◆ WORK ITEM
Range to copy from the entries below: the line containing "The Amazing Grace" through the line containing "Hisense 50 Inch", inclusive. Retype only those lines, exactly, without any images.

◆ RECORDS FOR THIS EXERCISE
-- Opening Marker --
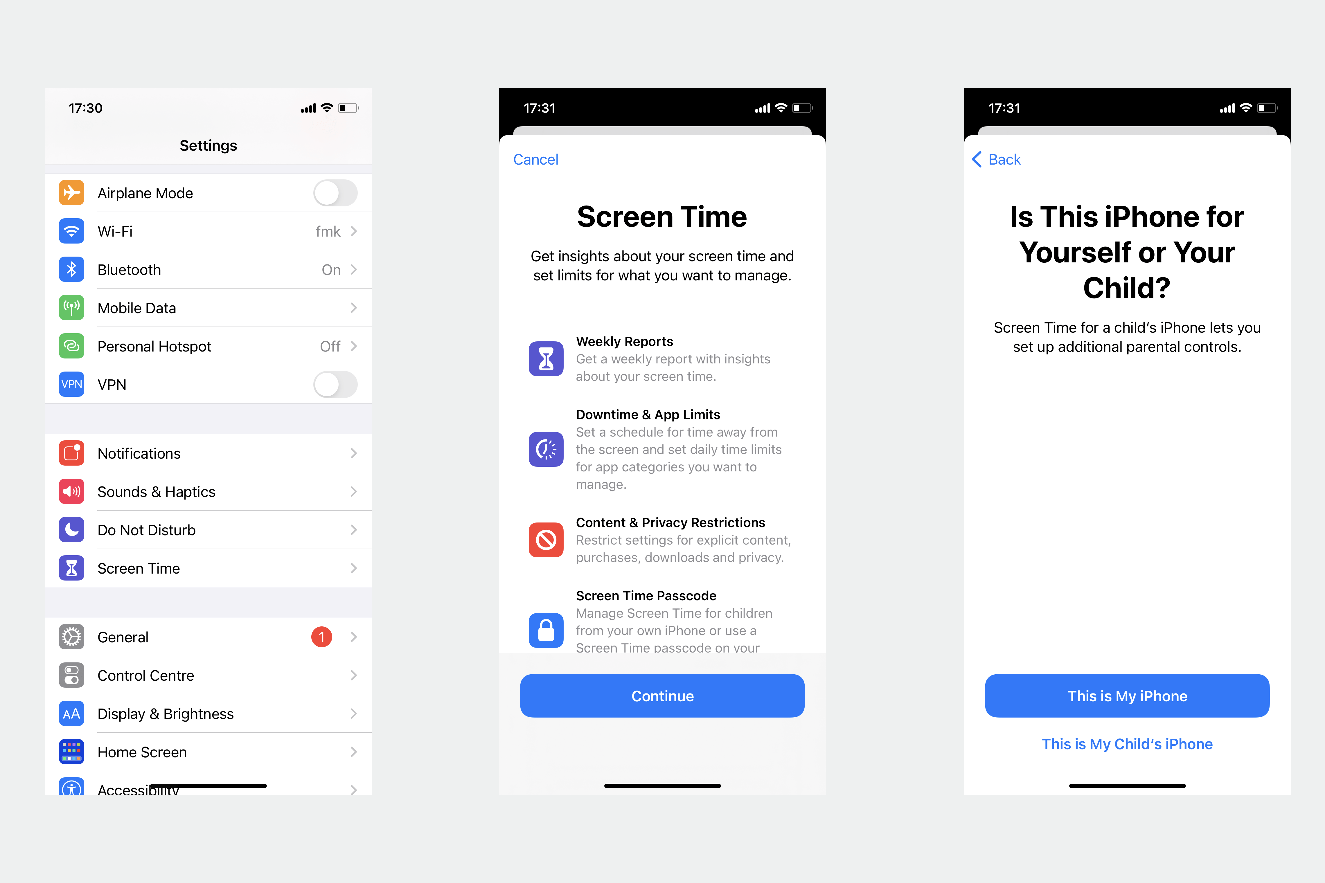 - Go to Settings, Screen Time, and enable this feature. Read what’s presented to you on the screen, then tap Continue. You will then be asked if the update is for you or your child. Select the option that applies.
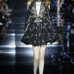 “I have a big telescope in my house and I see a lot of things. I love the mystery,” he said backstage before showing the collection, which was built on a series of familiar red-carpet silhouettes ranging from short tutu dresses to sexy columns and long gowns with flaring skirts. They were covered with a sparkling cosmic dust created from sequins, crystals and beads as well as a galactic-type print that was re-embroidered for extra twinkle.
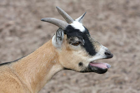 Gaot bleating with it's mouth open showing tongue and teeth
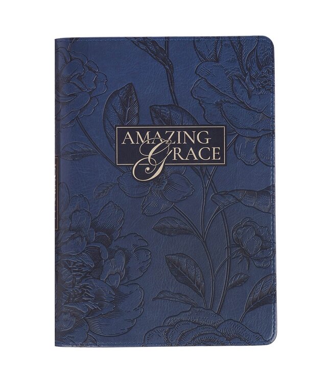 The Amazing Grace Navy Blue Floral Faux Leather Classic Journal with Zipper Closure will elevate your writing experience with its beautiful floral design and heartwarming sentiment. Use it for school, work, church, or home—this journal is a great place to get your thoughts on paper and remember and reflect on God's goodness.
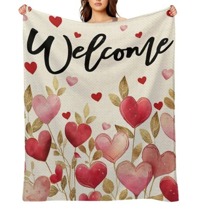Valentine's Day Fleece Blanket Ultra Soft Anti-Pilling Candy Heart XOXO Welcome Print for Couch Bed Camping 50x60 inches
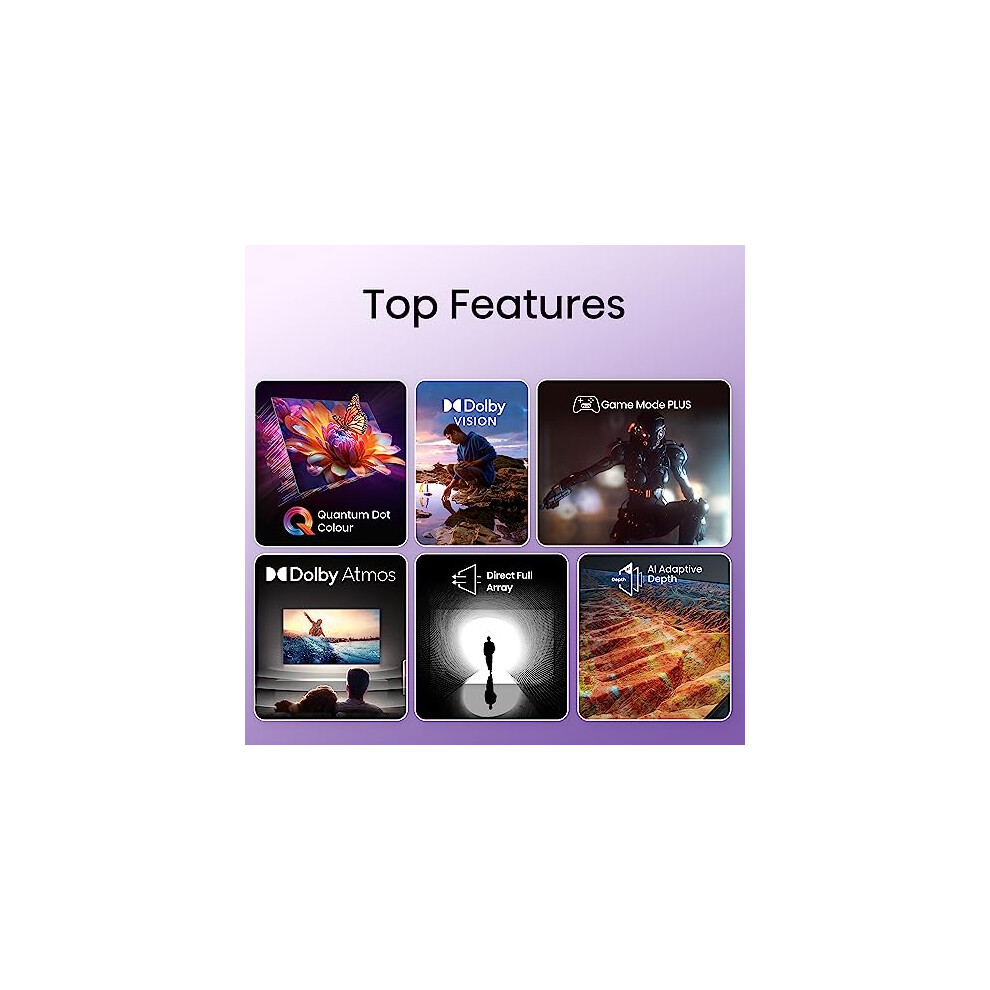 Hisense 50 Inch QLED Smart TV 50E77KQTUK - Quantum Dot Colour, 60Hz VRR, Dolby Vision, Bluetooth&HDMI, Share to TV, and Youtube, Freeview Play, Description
-- Closing Marker --
-- Opening Marker --
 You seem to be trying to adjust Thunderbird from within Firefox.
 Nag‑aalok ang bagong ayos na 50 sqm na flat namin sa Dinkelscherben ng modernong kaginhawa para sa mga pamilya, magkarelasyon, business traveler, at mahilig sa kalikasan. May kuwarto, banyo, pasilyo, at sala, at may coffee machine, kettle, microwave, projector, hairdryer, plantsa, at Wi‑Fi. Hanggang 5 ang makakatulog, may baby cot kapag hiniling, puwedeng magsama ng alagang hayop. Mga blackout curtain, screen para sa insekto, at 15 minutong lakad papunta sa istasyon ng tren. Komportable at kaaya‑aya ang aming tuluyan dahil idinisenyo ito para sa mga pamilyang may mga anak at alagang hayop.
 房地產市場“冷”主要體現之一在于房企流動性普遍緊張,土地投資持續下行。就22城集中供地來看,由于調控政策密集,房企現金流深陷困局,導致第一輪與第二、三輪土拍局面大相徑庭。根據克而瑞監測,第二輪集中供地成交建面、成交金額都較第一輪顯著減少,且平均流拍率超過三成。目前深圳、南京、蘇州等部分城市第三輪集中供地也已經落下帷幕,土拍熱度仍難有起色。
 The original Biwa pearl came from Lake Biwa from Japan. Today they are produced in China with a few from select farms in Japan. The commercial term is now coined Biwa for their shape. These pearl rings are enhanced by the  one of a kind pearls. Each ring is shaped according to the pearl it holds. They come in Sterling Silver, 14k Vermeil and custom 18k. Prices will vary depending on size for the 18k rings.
-- Closing Marker --
-- Opening Marker --
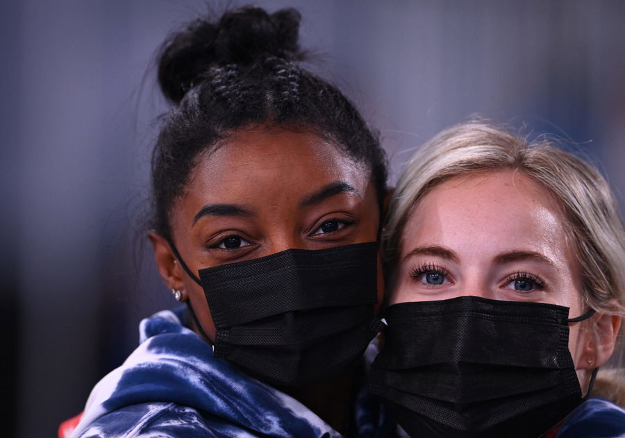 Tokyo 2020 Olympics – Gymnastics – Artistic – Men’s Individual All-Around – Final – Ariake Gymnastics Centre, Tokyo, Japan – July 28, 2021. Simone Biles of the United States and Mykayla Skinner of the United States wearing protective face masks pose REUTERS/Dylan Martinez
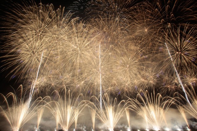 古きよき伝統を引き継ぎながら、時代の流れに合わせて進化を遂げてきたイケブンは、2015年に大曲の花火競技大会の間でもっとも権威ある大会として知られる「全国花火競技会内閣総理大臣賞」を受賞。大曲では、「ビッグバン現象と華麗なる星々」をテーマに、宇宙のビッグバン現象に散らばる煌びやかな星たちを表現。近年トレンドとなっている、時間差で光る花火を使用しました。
-- Closing Marker --
◆ SOLVED EXERCISE
 The Amazing Grace Navy Blue Floral Faux Leather Classic Journal with Zipper Closure will elevate your writing experience with its beautiful floral design and heartwarming sentiment. Use it for school, work, church, or home—this journal is a great place to get your thoughts on paper and remember and reflect on God's goodness.
Valentine's Day Fleece Blanket Ultra Soft Anti-Pilling Candy Heart XOXO Welcome Print for Couch Bed Camping 50x60 inches
 Hisense 50 Inch QLED Smart TV 50E77KQTUK - Quantum Dot Colour, 60Hz VRR, Dolby Vision, Bluetooth&HDMI, Share to TV, and Youtube, Freeview Play, Description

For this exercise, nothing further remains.